▶ **PROBLEM**
Output every entry below word for word, without its pictures.

▶ **RECORDED INFORMATION**
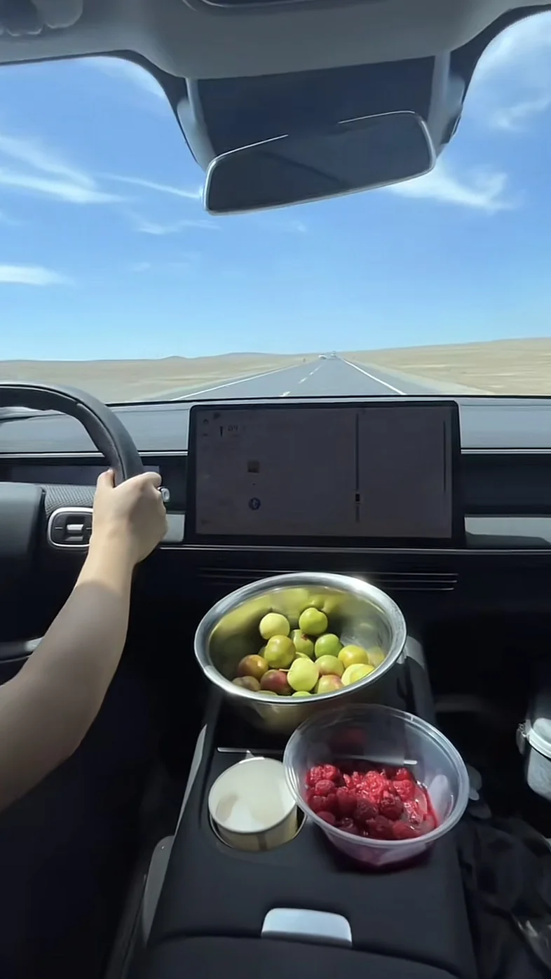 驶入独库公路,一日四季的奇幻在此上演。前一秒还在雪山脚下感受凛冽寒风,下一秒便闯入绿意盎然的草原,成群牛羊低头吃草,毡房点缀其间。小鹏G6的底盘调校格外稳健,过弯时侧倾控制精准,高速NGP辅助驾驶大幅缓解了长途驾驶的疲惫,让我们能安心沉浸在“一日跨四季”的震撼里。
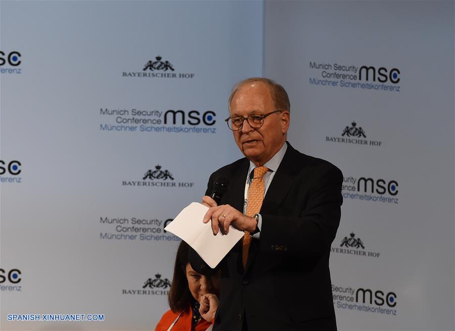 El presidente de la Conferencia de Seguridad de Múnich (CSM), Wolfgang Ischinger, pronuncia un discurso de clausura durante la 55 CSM, en Múnich, Alemania, el 17 de febrero de 2019. La 55 CSM fue clausurada el domingo con el consenso compartido por la mayoría de los participantes de que el orden internacional enfrenta graves problemas. (Xinhua/Lu Yang)
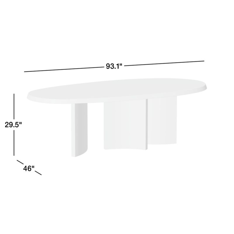 Asymmetry and organic curves bring offbeat style and a casual approach to dining. The mixed-material table features a thick top of natural oak, fashioned with a slight chamfered edge and given a light whitewashed stain to call forth the beautiful grain. Curved rectangles positioned at different angles serve as legs, made of faux travertine with all the textural intrigue and tonal color of natural stone. Paired with your choice of dining chairs, the statement-making table comfortably seats eight.
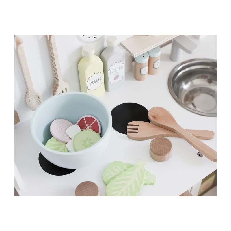 Wspaniały drewniany zestaw do przyrządzania sałatek, idealne akcesoria kuchenne dla Twojego malucha. W zestawie wszystko to, co potrzebne by przygotować zdrową i przepyszną sałatkę: drewniana miska, drewniane sztućce, oliwa, ocet winny, sół i pieprz, kawałek pomidora, ogórka, avocado, czerwonej cebuli i trzy liście zielonej sałaty. Akcesoria kuchenne marki Jabadabado to idealny dodatek dziecięcej kuchni, inspirujący do kreatywnej, twórczej zabawy.
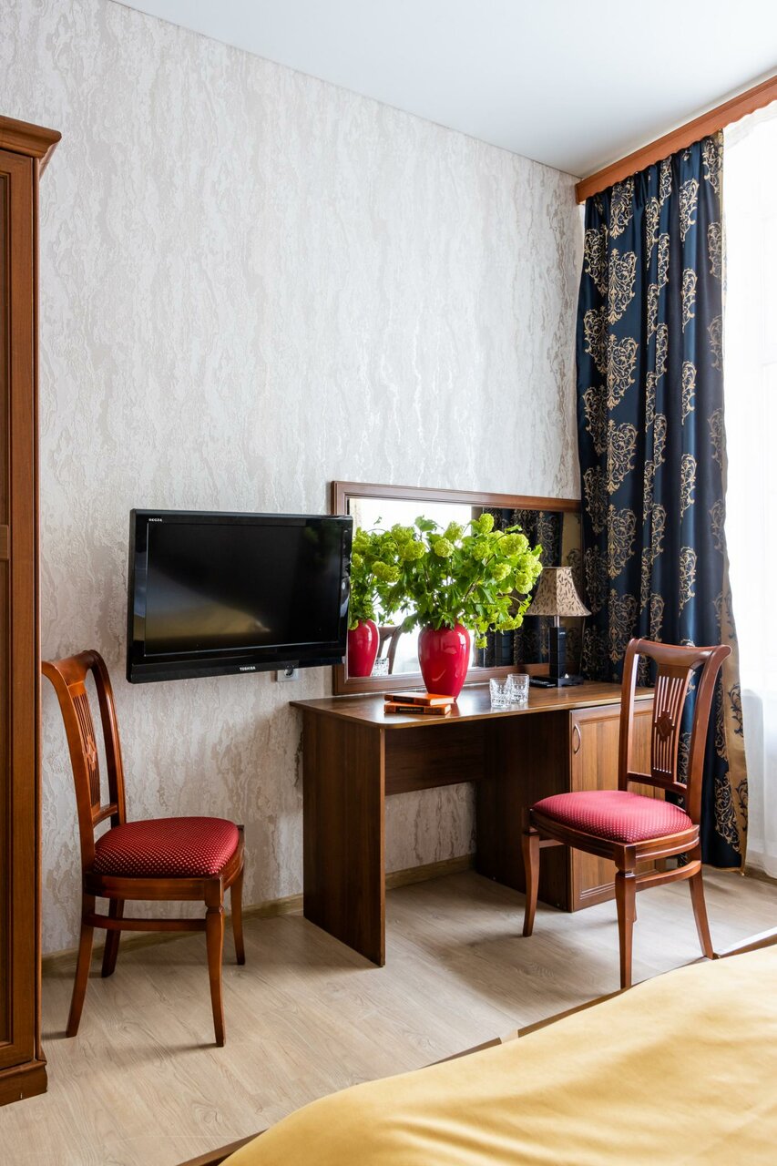 Расположение отличное. Вид из окна живописный. Качество оконной рамы на уровне. Мест для хранения предостаточно. Кровать удобная. Зеркала, подоконник сантехника идеально чистые. Номер просторный. Чашки для чая и бокалы новые, натертые до блеска. Решили не пользваться и попили бутылированной воды. Вода была вкусная. Спасибо за беруши. Хотя шумоизоляция качественная. Просто подстраховались. Спасибо за возможность оставить багаж после выселен ия (2 часа то что было нам нужно). Персонал вежливый и отзывчивый. Все очень душевно. Самое приятное никаких посторонних запахов. Мебель стильная под старину, освещение многоуровневое. Не менее стильное. Если бы задержались, то попросила бы лампу в потолочном светильнике поменять с холодного на теплый свет. И хотя душевая кабина это гигиенично для гостиниц, мне непривычно было.
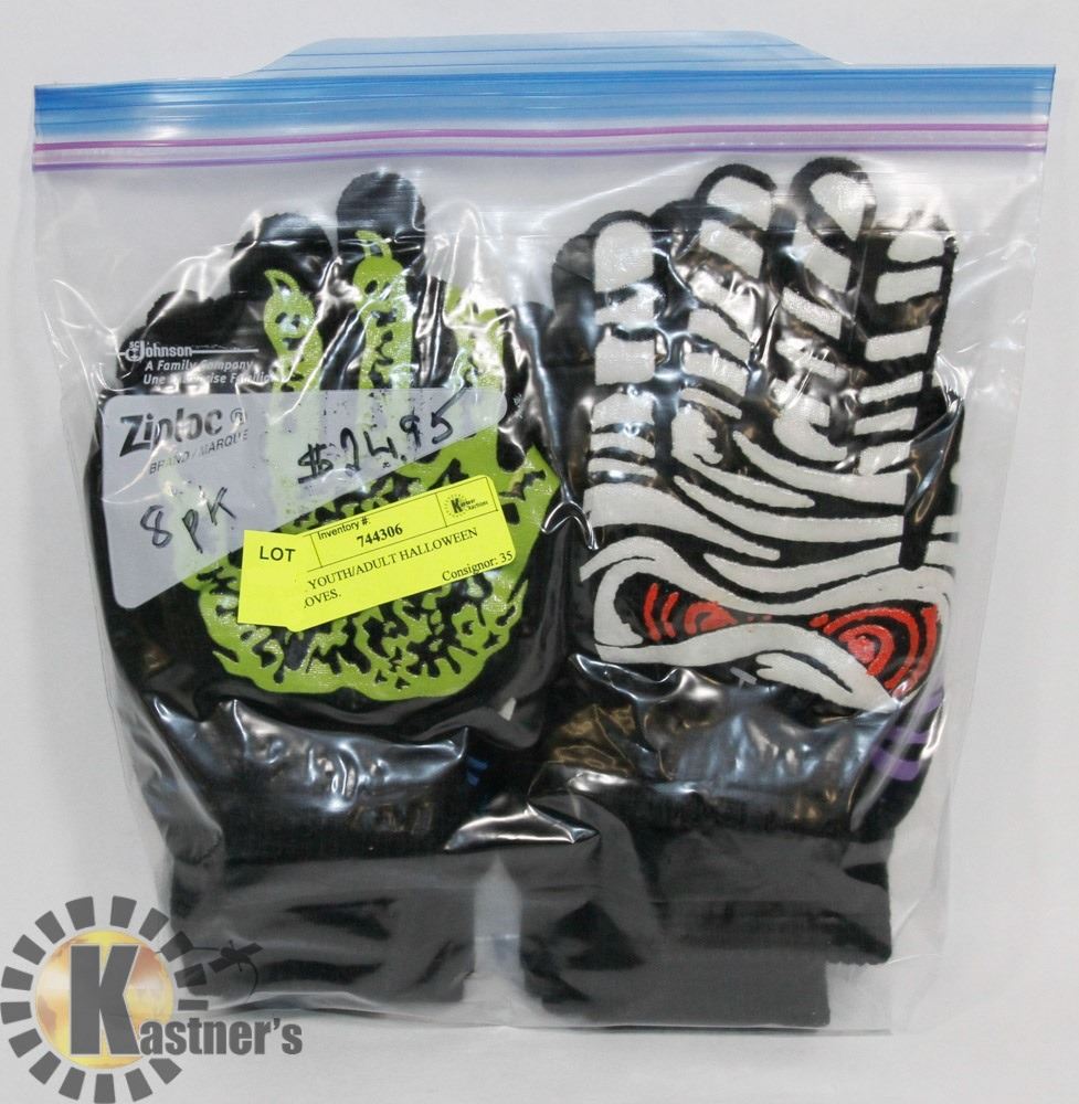 8PK YOUTH/ADULT HALLOWEEN GLOVES.

▶ **EXERCISE RESULT**
 驶入独库公路,一日四季的奇幻在此上演。前一秒还在雪山脚下感受凛冽寒风,下一秒便闯入绿意盎然的草原,成群牛羊低头吃草,毡房点缀其间。小鹏G6的底盘调校格外稳健,过弯时侧倾控制精准,高速NGP辅助驾驶大幅缓解了长途驾驶的疲惫,让我们能安心沉浸在“一日跨四季”的震撼里。
 El presidente de la Conferencia de Seguridad de Múnich (CSM), Wolfgang Ischinger, pronuncia un discurso de clausura durante la 55 CSM, en Múnich, Alemania, el 17 de febrero de 2019. La 55 CSM fue clausurada el domingo con el consenso compartido por la mayoría de los participantes de que el orden internacional enfrenta graves problemas. (Xinhua/Lu Yang)
 Asymmetry and organic curves bring offbeat style and a casual approach to dining. The mixed-material table features a thick top of natural oak, fashioned with a slight chamfered edge and given a light whitewashed stain to call forth the beautiful grain. Curved rectangles positioned at different angles serve as legs, made of faux travertine with all the textural intrigue and tonal color of natural stone. Paired with your choice of dining chairs, the statement-making table comfortably seats eight.
 Wspaniały drewniany zestaw do przyrządzania sałatek, idealne akcesoria kuchenne dla Twojego malucha. W zestawie wszystko to, co potrzebne by przygotować zdrową i przepyszną sałatkę: drewniana miska, drewniane sztućce, oliwa, ocet winny, sół i pieprz, kawałek pomidora, ogórka, avocado, czerwonej cebuli i trzy liście zielonej sałaty. Akcesoria kuchenne marki Jabadabado to idealny dodatek dziecięcej kuchni, inspirujący do kreatywnej, twórczej zabawy.
 Расположение отличное. Вид из окна живописный. Качество оконной рамы на уровне. Мест для хранения предостаточно. Кровать удобная. Зеркала, подоконник сантехника идеально чистые. Номер просторный. Чашки для чая и бокалы новые, натертые до блеска. Решили не пользваться и попили бутылированной воды. Вода была вкусная. Спасибо за беруши. Хотя шумоизоляция качественная. Просто подстраховались. Спасибо за возможность оставить багаж после выселен ия (2 часа то что было нам нужно). Персонал вежливый и отзывчивый. Все очень душевно. Самое приятное никаких посторонних запахов. Мебель стильная под старину, освещение многоуровневое. Не менее стильное. Если бы задержались, то попросила бы лампу в потолочном светильнике поменять с холодного на теплый свет. И хотя душевая кабина это гигиенично для гостиниц, мне непривычно было.
 8PK YOUTH/ADULT HALLOWEEN GLOVES.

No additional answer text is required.